This week, we are diving into the Center of Mass of an object! The method of finding the Center of Mass of an object goes with our theme of integration. The Center of Mass of an object is very literal in its meaning, it is the position in which the relative distance of masses from that point sum to zero. For example, a square with uniform mass has a center of mass directly in the middle of the square.
The Center of Mass of an object can be calculated by finding the Moments about the X and Y axis of the object and dividing by the total mass of the system. This is true for something on a plan, if you are dealing with just a line then you only have moments at the points on the line. The Moment about the X-Axis, denoted as $M_x$, is the sum of each mass at each point in terms of the y values. Following from this, the Moment about the Y-Axis, denoted as $M_y$, is the sum of each mass at each point in terms of the x values. To find the Center of Mass, or COM,, you use the following formula, where M is the total mass of the system:
$COM = (\frac{M_y}{M}, \frac{M_x}{M})$
If we take a region with a uniform density, lets call it $\rho$, then we calculate the Mass, $M_x$ and $M_y$ by the given formulas.
Mass = $\int_{a}^{b} \rho * (f(x) - g(x)) dx$ (You can also use the y's instead!)

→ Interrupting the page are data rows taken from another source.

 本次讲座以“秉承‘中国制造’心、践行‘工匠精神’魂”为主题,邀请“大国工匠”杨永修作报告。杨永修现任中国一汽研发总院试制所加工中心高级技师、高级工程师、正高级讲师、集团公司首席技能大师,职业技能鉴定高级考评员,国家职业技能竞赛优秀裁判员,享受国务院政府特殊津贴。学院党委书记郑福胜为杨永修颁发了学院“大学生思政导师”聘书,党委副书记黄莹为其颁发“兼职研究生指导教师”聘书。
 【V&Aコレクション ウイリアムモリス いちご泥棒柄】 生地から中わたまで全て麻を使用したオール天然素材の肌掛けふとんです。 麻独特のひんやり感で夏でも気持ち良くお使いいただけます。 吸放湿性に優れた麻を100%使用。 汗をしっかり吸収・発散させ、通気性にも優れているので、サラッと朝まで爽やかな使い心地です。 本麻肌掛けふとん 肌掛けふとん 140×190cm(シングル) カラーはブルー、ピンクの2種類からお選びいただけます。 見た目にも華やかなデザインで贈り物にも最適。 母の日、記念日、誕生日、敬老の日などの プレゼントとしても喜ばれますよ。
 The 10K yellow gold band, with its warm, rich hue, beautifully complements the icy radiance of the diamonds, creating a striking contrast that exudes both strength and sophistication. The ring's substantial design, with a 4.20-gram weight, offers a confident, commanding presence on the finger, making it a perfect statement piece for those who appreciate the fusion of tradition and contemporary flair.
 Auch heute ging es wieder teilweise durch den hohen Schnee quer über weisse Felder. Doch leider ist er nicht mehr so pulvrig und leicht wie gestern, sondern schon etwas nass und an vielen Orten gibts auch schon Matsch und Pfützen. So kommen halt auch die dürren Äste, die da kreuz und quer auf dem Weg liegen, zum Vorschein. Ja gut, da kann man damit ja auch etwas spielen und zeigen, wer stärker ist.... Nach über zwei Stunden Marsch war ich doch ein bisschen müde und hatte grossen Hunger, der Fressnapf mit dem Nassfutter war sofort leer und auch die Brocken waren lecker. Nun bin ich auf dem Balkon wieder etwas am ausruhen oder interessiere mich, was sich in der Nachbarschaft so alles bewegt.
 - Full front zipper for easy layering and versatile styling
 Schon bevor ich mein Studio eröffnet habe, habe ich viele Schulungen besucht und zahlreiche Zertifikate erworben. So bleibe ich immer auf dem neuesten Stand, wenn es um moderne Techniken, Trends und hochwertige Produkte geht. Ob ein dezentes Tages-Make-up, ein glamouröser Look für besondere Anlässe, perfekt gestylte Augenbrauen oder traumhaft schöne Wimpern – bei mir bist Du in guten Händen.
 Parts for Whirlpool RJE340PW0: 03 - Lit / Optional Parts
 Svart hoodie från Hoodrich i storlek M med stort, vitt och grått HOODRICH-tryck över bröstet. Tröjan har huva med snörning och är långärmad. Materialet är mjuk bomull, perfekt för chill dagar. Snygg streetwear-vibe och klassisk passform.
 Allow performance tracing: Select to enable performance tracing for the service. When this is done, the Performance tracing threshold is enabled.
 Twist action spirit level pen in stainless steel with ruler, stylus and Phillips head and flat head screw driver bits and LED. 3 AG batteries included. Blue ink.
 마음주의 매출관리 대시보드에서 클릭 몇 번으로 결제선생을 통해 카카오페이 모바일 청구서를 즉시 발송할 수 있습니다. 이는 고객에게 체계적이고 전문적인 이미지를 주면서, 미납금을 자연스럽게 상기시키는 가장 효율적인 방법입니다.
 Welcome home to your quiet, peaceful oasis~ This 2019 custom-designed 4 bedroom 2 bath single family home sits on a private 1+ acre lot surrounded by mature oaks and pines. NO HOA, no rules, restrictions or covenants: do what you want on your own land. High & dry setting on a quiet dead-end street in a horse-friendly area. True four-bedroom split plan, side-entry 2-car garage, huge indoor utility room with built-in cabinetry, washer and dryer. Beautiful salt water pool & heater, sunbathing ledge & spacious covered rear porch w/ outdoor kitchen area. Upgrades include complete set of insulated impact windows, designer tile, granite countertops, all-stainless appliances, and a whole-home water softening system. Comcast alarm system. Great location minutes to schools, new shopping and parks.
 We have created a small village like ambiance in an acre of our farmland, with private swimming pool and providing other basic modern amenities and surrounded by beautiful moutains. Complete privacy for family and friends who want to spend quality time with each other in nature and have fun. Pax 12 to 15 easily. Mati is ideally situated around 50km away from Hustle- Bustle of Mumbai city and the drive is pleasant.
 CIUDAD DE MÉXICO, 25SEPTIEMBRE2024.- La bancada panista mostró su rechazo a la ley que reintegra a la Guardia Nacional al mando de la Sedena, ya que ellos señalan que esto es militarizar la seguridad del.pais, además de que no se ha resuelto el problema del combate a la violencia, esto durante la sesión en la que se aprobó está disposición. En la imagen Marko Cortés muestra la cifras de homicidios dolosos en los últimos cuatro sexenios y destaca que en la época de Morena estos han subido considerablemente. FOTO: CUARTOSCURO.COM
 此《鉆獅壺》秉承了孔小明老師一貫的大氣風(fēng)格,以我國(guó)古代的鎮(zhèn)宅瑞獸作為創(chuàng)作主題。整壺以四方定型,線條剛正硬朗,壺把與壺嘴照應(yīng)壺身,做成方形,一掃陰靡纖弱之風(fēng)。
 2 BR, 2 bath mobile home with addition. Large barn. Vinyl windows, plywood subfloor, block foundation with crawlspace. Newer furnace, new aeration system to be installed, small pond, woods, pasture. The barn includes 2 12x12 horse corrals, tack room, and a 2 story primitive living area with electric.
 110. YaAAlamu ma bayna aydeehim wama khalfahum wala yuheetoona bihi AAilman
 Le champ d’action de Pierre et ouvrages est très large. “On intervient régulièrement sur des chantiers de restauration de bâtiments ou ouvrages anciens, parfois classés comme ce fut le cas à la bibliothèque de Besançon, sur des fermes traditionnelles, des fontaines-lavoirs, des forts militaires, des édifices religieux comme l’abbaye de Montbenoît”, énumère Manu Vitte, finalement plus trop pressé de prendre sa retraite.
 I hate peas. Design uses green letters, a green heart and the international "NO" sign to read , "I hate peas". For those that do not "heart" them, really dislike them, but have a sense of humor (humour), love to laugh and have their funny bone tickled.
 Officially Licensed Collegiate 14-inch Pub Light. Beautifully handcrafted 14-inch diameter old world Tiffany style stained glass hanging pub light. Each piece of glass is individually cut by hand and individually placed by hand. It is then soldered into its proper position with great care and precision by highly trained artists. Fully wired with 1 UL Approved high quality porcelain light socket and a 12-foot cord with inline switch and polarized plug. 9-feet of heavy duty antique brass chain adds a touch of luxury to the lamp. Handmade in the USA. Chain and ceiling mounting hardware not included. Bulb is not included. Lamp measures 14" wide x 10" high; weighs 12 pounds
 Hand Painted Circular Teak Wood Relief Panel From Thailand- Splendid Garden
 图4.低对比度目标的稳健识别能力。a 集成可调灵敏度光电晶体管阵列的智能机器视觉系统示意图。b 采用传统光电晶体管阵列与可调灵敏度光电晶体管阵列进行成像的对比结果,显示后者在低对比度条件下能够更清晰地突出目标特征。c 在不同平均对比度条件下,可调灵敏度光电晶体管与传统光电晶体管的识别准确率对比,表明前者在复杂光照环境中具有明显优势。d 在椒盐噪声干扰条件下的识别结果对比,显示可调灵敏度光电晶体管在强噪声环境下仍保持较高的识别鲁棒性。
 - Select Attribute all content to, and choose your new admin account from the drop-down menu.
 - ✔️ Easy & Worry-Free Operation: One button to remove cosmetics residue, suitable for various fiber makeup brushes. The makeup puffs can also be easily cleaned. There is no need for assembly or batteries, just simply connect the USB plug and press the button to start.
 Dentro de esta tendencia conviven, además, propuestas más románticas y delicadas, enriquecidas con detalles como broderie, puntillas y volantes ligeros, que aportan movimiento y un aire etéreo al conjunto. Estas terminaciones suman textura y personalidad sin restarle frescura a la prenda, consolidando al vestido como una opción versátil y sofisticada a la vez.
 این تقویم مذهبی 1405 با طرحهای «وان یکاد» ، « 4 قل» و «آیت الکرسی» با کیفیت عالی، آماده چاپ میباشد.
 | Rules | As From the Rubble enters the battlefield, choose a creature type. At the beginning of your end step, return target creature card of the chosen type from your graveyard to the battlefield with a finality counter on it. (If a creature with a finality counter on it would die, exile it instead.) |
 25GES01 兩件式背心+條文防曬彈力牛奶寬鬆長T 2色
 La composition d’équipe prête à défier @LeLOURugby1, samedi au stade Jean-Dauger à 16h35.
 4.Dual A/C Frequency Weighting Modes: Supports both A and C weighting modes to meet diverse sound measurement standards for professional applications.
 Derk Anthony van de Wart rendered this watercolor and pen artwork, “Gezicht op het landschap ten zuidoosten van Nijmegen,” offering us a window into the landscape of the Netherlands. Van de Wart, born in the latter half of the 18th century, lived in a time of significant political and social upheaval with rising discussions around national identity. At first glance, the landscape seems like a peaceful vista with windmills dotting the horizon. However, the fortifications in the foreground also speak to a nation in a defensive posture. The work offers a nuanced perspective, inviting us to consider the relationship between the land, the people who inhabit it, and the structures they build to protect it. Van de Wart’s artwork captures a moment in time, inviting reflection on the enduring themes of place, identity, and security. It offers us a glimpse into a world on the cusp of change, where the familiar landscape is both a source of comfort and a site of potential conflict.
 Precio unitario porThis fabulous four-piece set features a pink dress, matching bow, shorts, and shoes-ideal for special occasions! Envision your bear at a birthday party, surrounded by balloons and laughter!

$M_x = \int_{c}^{d} \rho * y * (f(y) - g(y)) dy $
$M_x = \int_{a}^{b} \rho * x * (f(x) - g(x)) dx $
Here, we get the Center of Mass, COM, is a point in the X-Y Plane. From now on, we will refer to the x-coordinate and the y-coordinate of the COM by $\bar{x},
\bar{y}$ respectively. Now that we have most of the ground work done, we will look at the equation I decided to dive into this week. I did not want to do anything super crazy, since coming up with interesting shapes can be hard when doing COM. So instead, I wanted to look at the difference of shaving a little bit off of a symmetrical shape. Today, we will look at the following equations:
$2|x| -2x = 16$ and $x=4$ enclosed by the lines $y=-4,
y=4$
Below is the graph of these! The area with the dashed dark lines showcase the area that we are interested in!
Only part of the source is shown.